In a sense, Ardern – much as it galls me to admit – is partly right. As I wrote in its first weeks, the invasion is being cynically exploited by Europe and especially by the US as a proxy war to weaken Russia and fatten the coffers of the military-industrial complex. Had it not been for Joe Biden funnelling $60 billion of weaponry paid for by US taxpayers into Ukraine, the war would almost certainly have been settled by a negotiated peace months ago – and thousands of lives spared.

But spare me for thinking that Ardern’s intervention is aimed at anything but pandering to Beijing.

However, she cautioned against framing the battle in stark ideological terms, saying it was important to bring together a broad international coalition of countries – including China – to push back against Russia.

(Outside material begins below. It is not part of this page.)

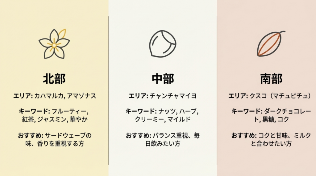 「ペルーコーヒー」と一口に言っても、実は南北に長い国土を持つペルーでは、栽培される地域によって味わい(テロワール)が驚くほど異なります。ここでは代表的な3つのエリアについて解説します。

“Let’s not assume that China, as a member of the [UN] Security Council, does not have a role to play [in] placing pressure [on Russia] in response to what is the loss of territorial integrity at the hands of Russia,” she said.

“Let’s not isolate and assume that only democracies take that view.”

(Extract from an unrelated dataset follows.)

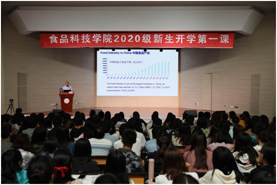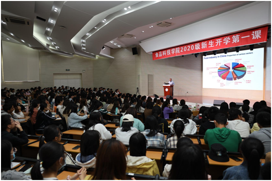 10月13日14:00,365best体育亚洲官网在大学生活动中心举行2020级新生开学第一课,报告由原365best体育亚洲官网校长、中国畜产品加工研究会会长、国家肉品质量安全控制工程技术研究中心首席科学家周光宏教授主讲。食品科技学院党委书记孙健、副书记邵士昌、本研辅导员、全体2020级本科新生与研究新生近400人参加了本次报告。报告由孙健主持。

It is also true-ish that, as Ardern says, Russia’s invasion is not necessarily a curtain-raiser for a Chinese invasion of Taiwan. Despite the sabre-rattling rhetoric of some Western think-tanks, a cross-straits invasion of Taiwan would be a sea-borne invasion on a scale never before attempted in human history. Normandy would have been a doddle by comparison.

“In the wake of the tensions we see rising, including in our Indo-Pacific region, diplomacy must become the strongest tool and de-escalation the loudest call,” she said.

“We won’t succeed, however, if those parties we seek to engage with are increasingly isolated and the region we inhabit becomes increasingly divided and polarised.”

ABC Australia

Ardern is echoing Beijing’s self-serving rhetoric that it is somehow a beneficent global citizen, promoting global harmony and cooperation.
The reality, as former Australian Defence Minister Kevin Andrews recently wrote, is that China is embarked on an old-fashioned “colonial project”. Xi Xinping’s signature foreign policy, the Belt and Road Intitiative, is being wielded as debt-trap diplomacy. The Chinese Communist Party recently passed a slew of laws that allow the People’s Liberation Army to be deployed overseas to “secure vital transport routes” and “safeguard China’s overseas investments, projects and personnel”.

Where Russia is bluntly asserting its interests in its region, China is being far more subtle.

And its useful idiots are following its lead. They may be telling the truth – or at least part of it – but they do so with very bad intent indeed.

The intent is to “de-escalate tensions” and give China the breathing space it has enjoyed to date, to extend its web of influence across the Pacific, unmolested and unopposed. Even now, Honiara is green-lighting an escalating Chinese “police” presence on its islands.

But the Solomons are far from the only islands in the South Pacific who are holding their hands out for Beijing’s cash.